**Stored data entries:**

- - -

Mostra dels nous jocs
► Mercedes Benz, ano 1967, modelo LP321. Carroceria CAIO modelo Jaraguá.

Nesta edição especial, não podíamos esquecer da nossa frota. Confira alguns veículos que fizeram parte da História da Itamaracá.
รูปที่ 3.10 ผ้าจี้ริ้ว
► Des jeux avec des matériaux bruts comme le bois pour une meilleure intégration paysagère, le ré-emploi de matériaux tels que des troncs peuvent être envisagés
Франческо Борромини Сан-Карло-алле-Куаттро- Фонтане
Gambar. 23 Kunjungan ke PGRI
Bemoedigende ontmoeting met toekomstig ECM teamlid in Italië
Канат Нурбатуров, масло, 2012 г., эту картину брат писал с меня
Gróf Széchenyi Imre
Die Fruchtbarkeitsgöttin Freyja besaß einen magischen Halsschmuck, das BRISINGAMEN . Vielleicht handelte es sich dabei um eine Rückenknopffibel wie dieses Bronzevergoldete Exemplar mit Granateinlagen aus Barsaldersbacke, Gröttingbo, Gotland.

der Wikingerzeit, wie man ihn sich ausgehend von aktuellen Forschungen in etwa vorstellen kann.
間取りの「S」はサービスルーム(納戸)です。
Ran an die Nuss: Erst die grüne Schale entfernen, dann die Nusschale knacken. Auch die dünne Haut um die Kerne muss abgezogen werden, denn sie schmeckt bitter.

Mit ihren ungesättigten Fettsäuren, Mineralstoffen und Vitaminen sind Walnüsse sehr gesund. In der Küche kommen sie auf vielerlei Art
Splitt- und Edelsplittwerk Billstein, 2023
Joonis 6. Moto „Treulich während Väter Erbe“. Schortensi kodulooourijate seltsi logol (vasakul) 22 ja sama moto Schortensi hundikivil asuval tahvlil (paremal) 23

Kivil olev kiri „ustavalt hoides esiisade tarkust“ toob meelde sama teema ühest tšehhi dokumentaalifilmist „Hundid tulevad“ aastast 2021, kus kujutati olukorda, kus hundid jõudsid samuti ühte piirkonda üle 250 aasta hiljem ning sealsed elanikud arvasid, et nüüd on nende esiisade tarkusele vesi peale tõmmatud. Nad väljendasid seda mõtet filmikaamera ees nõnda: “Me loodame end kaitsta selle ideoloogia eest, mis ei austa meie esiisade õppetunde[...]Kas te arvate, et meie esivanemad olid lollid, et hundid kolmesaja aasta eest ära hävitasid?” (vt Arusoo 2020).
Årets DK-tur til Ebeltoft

- - -

**WORK TO COMPLETE:** Starting from the top of the records and ending at the line that contains "Gróf Széchenyi Imre", repeat each line exactly and return only those lines.

**RESULT OF THE EXERCISE:**
Mostra dels nous jocs
► Mercedes Benz, ano 1967, modelo LP321. Carroceria CAIO modelo Jaraguá.

Nesta edição especial, não podíamos esquecer da nossa frota. Confira alguns veículos que fizeram parte da História da Itamaracá.
รูปที่ 3.10 ผ้าจี้ริ้ว
► Des jeux avec des matériaux bruts comme le bois pour une meilleure intégration paysagère, le ré-emploi de matériaux tels que des troncs peuvent être envisagés
Франческо Борромини Сан-Карло-алле-Куаттро- Фонтане
Gambar. 23 Kunjungan ke PGRI
Bemoedigende ontmoeting met toekomstig ECM teamlid in Italië
Канат Нурбатуров, масло, 2012 г., эту картину брат писал с меня
Gróf Széchenyi Imre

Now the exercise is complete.